1. A zero insertion force card edge connector utilizing flexible film circuitry, comprising an elongated housing consisting of a base, a pair of spaced apart side walls upstanding therefrom, and a pair of end walls to define an elongated slot, a U-shaped spring member disposed within said elongated slot, where the spring member having spring member arms provided proximate the side walls, a card release slide member disposed within said U-shaped spring member in contact with said spring member arms, where said card release slide member is adapted to shift longitudinally to effect a lateral movement of said spring member arms, at least one release member mounted in an end wall to effect the shifting of said card release slide member, and a flexible film, having electrical circuitry interconnecting means thereon, disposed in a loop between the arms of said spring member within said elongated slot, whereby a printed circuit board card, having circuitry thereon for registration with the circuitry of said flexible film, may be inserted into said loop.

2. The zero insertion force card edge connector according to claim 1, wherein said U-shaped spring member is stamped and formed from a blank of sheet metal having spring properties, said spring member having lower arms, said card release slide member having ridges and valleys along the sides thereof, the lower arms are laterally embossed to coact with complementary ridges and valleys along the sides of said card release slide member to effect closing and opening of said arms when said card release slide member is shifted.

3. The zero insertion force card edge connector according to claim 1, wherein said U-shaped spring member is formed from a plastic having spring properties, said spring member having lower arms, said card release slide member having ridges and valleys along the sides thereof, the lower arms are laterally embossed to coact with complementary ridges and valleys along the sides of said card release slide member to effect closing and opening of said arms when said card release slide member is shifted.

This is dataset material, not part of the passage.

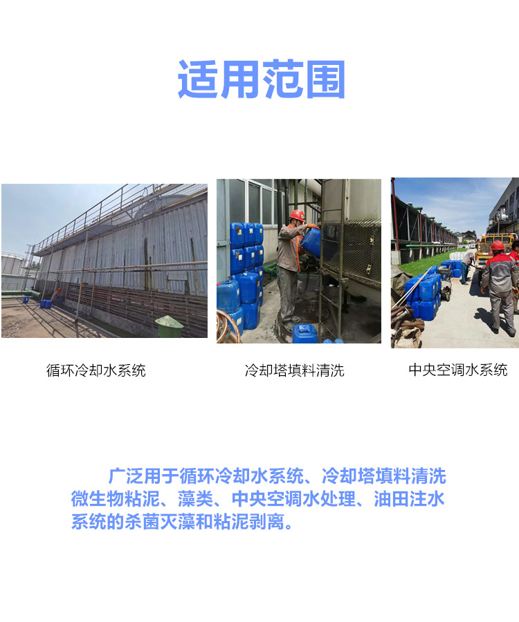 用于殺菌滅藻和粘泥剝離,防止管道堵塞和微生物腐蝕。

4. The zero insertion force card edge connector according to claim 1, wherein said release member is pivotally mounted within said end wall for movement toward and away from said elongated slot.

5. The zero insertion force card edge connector according to claim 4, wherein said release member includes a projection for locking engagement with a complementary notch within the edge of said printed circuit board card.

6. The zero insertion force card edge connector according to claim 1, wherein said spring member arms are arranged to receive a pair of longitudinally disposed elastic support members in contact with said flexible film to provide a uniform and constant force thereagainst.

7. The zero insertion force card edge connector according to claim 6, wherein said elastic support members comprise canted coil springs.

8. The zero insertion force card edge connector according to claim 6, wherein said elastic support members comprise elastomeric pads.

9. The zero insertion force card edge connector according to claim 2, wherein said card release slide member includes a pair of longitudinally disposed shoulders which underlie the embossed portion of said spring member.